What I am looking for is to avoid flooding email. Because something is failed may not be fixed in next 1 hour or so. Want to send only 1 email instead of 12 emails. I would appreciate any idea.

I was thinking of writing the alert in the sent directory before emailing the alert. next time the alert will be sent only if md5sum doesn't match with the alert written in sent directory or sent directory is empty.

oraclept
  • 29
  • 1
  • 5
  • What condition, exactly, are you trying to avoid? Sending 12 mails because 12 different tasks are in a fail state at that moment? Or sending 12 mails over the course of an hour because one task is always in a fail state? – John Gordon Jan 29 '23 at 23:58
  • Out of 8 tasks, Ex: Task number 6 is down then an email will be sent that Task number 6 is down. The script runs again and determines Task number 6 is down and another email will be sent that Task number6 is down. Want to avoid repetitive emailing that Task number 6 is down. If the issued is fixed 60 min after the initial occurance there will be 12 emails sent already. Want to find out a way to avoid repetitive emailing. – oraclept Jan 30 '23 at 01:49
  • The script will need to save the results from the current run (possibly in a plain file or a database), and then on the next run, look at those results to decide whether to send mail. – John Gordon Jan 30 '23 at 02:25

1 Answers1

1

Use a Boolean flag!

alert_sent = False
for task_list in status['tasks']:
    if task_list['state'] != 'RUNNING' and not alert_sent:
        alert_email(connector+'-task-'+str(task_list['id'])+'-status-'+task_list['state'])
        alert_sent = True

The alert_sent flag is initially set to False. When an alert email is sent, the flag is set to True, so that no further alerts will be sent for the rest of the task list.

UPDATE:

import os

sent_dir = 'sent'
if not os.path.exists(sent_dir):
    os.makedirs(sent_dir)

for task_list in status['tasks']:
    task_id = str(task_list['id'])
    state = task_list['state']
    filename = os.path.join(sent_dir, f"{task_id}-{state}.txt")
    if state != 'RUNNING' and not os.path.exists(filename):
        alert_email(connector+'-task-'+task_id+'-status-'+state)
        with open(filename, 'w') as f:
            f.write("Sent alert for task %s in state %s" % (task_id, state))

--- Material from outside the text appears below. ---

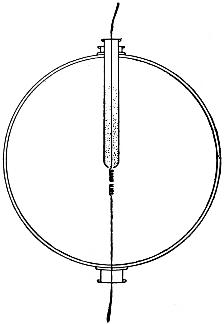 This consisted of a tube about 1¾ inches in diameter and having a length up to 200 feet, in which air at about one thousandth part of atmospheric pressure was made to glow by a very high voltage alternating current.
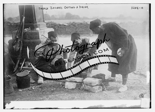 French Zouaves getting a drink,men,ladle,pot,French Army,Bain News Service

Now the script will check if a directory named sent exists. If it doesn't, the directory is created. Then, for each task in the list, the script generates a file name based on the task ID and state. If the task is not in a running state and the corresponding file doesn't exist, the alert is sent and a file is created to store the state of the alert.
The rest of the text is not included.